After recent successful cyber-criminal exfiltrations of voter registration databases and recent cyberattacks on political organizations, attributed to Russian state-sponsored advanced persistent threat groups, State election officials are only now beginning to come to terms with the expansive hyper-evolved cyber-threat landscape surrounding United States election systems. Despite their protests that election officials are equipped to handle threats such as cyberattacks in the short and long-run, the inherent vulnerabilities built-into dilapidated black-box proprietary election systems and the substantial deficiency in cyber-hygiene among the personnel that manage elections are insurmountable obstacles without an extensive overhaul of the training and machines used in the election process, and without a considerable investment of resources.

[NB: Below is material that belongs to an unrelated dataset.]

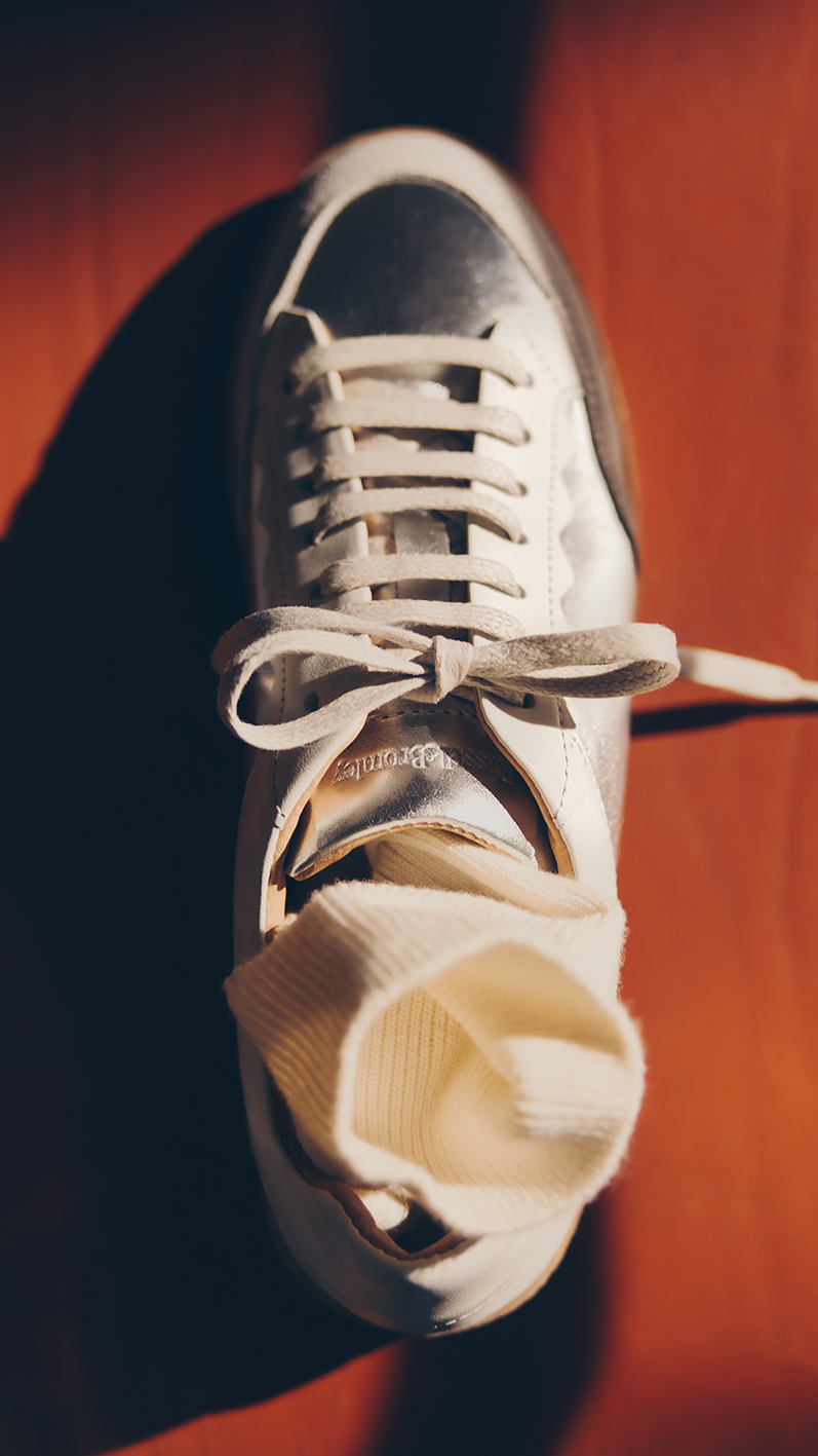 White sneaker with silver accents and white laces, paired with cream-colored socks, on a wooden surface.

Layers of Physical and Technical Security Insufficient to the Hyper-Evolved Threat Landscape:

Local elections are managed by volunteers with little or no cyber-hygiene training in 9000 precincts and at hundreds of thousands of polling locations across the country. Multiple layers of physical and technical security are in place to ensure the integrity of the election process. However, the layers of security are managed and enforced by non-technical, undertrained personnel, who may not be able to recognize or prevent a threat actor from physically infecting a system with malware that could spread to local components such as the JBC or to the State’s Central Tabulator. Further, some election machines, such as the DS200, iVotronic, eScan, and eSlate have either accessible network ports or rely on a network connection. The vulnerabilities of each voting machine in-use and the locations where it is used are documented in ICIT’s Hacking Elections is Easy! Part 2.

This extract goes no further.